| To do |
Transcribe only the part of the material below that begins at the line containing "Het beschikt over" and ends at the line containing "Eingangsflur. Wohnzimmer mit", with both kept and images left out.

| Extracted information |
Segment Open
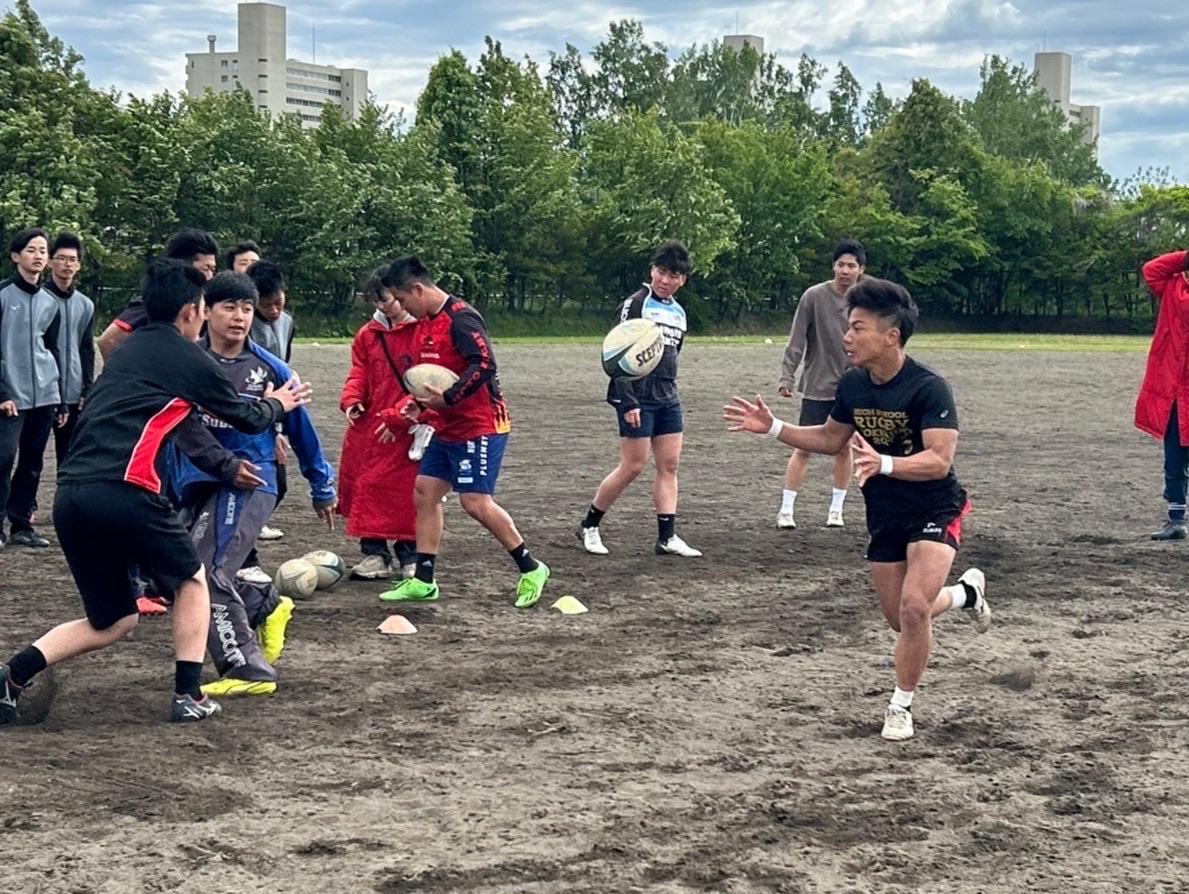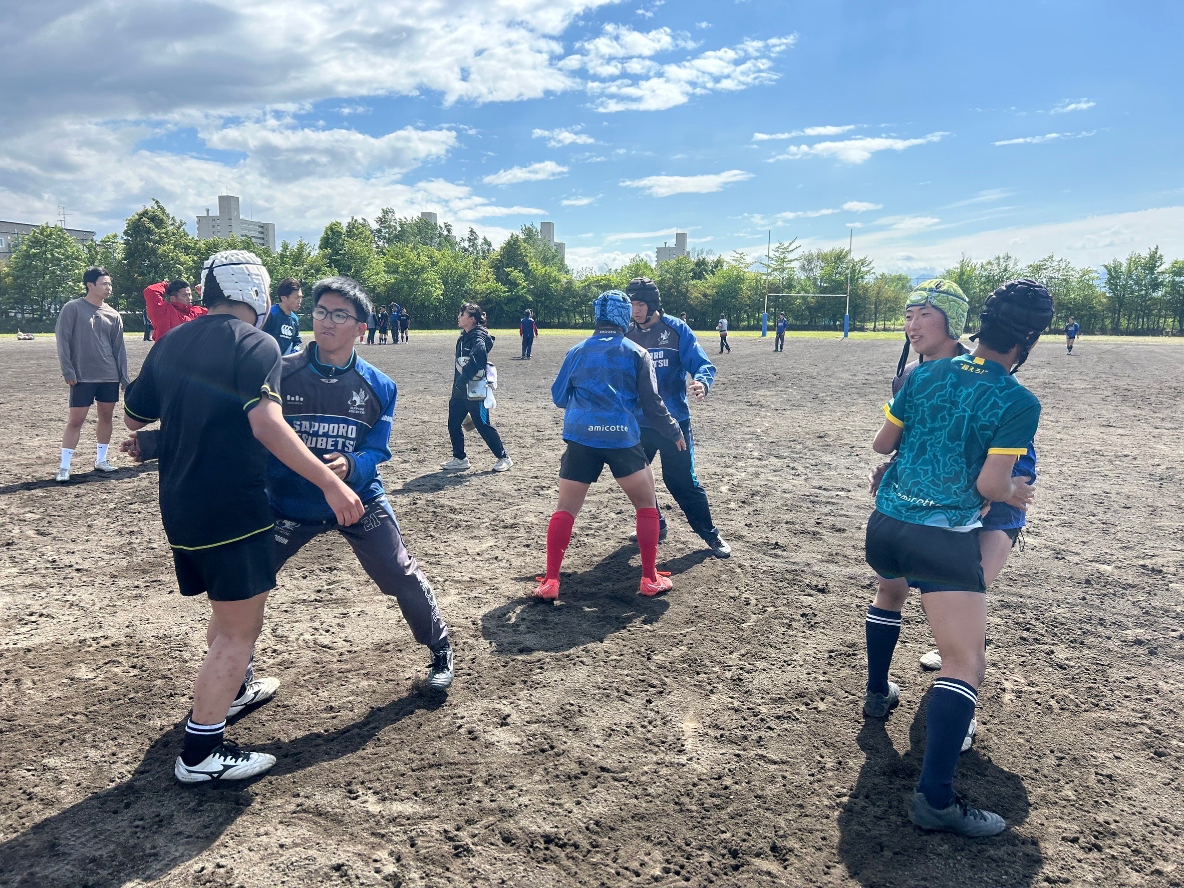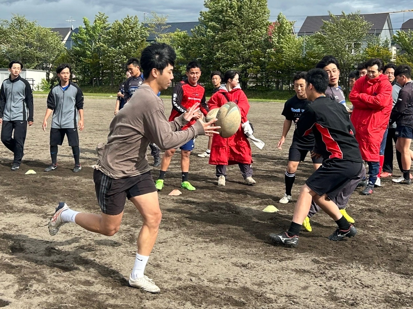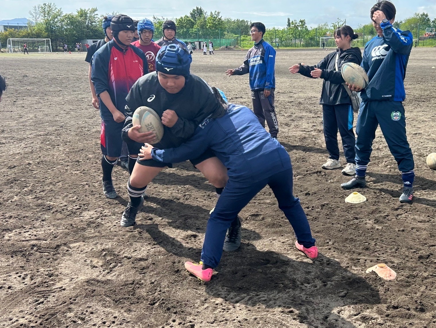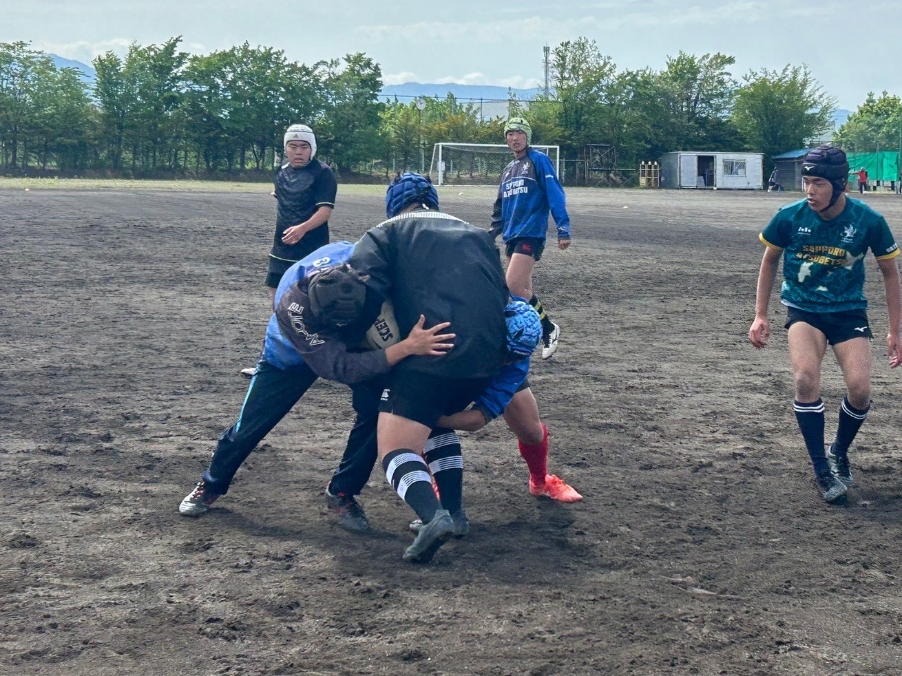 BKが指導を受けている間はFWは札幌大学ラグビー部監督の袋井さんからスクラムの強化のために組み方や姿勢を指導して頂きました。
Segment Closed
Segment Open
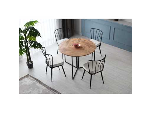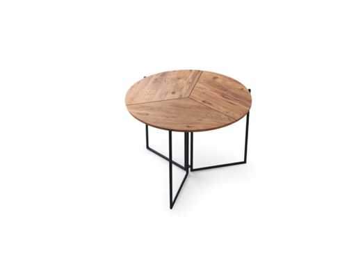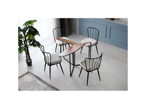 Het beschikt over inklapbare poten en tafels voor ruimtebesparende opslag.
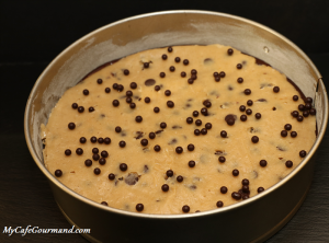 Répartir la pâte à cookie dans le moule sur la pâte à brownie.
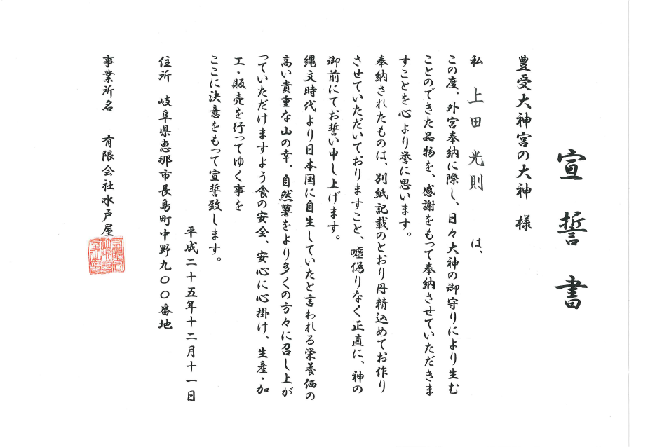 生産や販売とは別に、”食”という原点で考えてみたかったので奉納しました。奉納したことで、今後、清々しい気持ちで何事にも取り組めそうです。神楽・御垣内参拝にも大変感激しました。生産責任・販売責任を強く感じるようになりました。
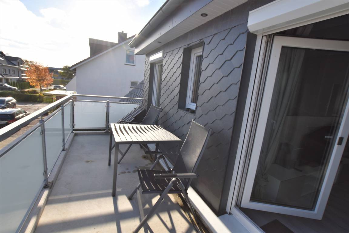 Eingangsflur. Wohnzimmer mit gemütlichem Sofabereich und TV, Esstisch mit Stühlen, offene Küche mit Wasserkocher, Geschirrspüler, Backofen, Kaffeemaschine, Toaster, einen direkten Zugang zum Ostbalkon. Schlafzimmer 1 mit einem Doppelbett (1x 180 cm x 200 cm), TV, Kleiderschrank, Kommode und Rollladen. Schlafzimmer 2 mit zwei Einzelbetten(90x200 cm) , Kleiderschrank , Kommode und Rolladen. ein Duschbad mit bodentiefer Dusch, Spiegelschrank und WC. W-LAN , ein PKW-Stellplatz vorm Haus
Segment Closed
| Result below |
 Het beschikt over inklapbare poten en tafels voor ruimtebesparende opslag.
 Répartir la pâte à cookie dans le moule sur la pâte à brownie.
 生産や販売とは別に、”食”という原点で考えてみたかったので奉納しました。奉納したことで、今後、清々しい気持ちで何事にも取り組めそうです。神楽・御垣内参拝にも大変感激しました。生産責任・販売責任を強く感じるようになりました。
 Eingangsflur. Wohnzimmer mit gemütlichem Sofabereich und TV, Esstisch mit Stühlen, offene Küche mit Wasserkocher, Geschirrspüler, Backofen, Kaffeemaschine, Toaster, einen direkten Zugang zum Ostbalkon. Schlafzimmer 1 mit einem Doppelbett (1x 180 cm x 200 cm), TV, Kleiderschrank, Kommode und Rollladen. Schlafzimmer 2 mit zwei Einzelbetten(90x200 cm) , Kleiderschrank , Kommode und Rolladen. ein Duschbad mit bodentiefer Dusch, Spiegelschrank und WC. W-LAN , ein PKW-Stellplatz vorm Haus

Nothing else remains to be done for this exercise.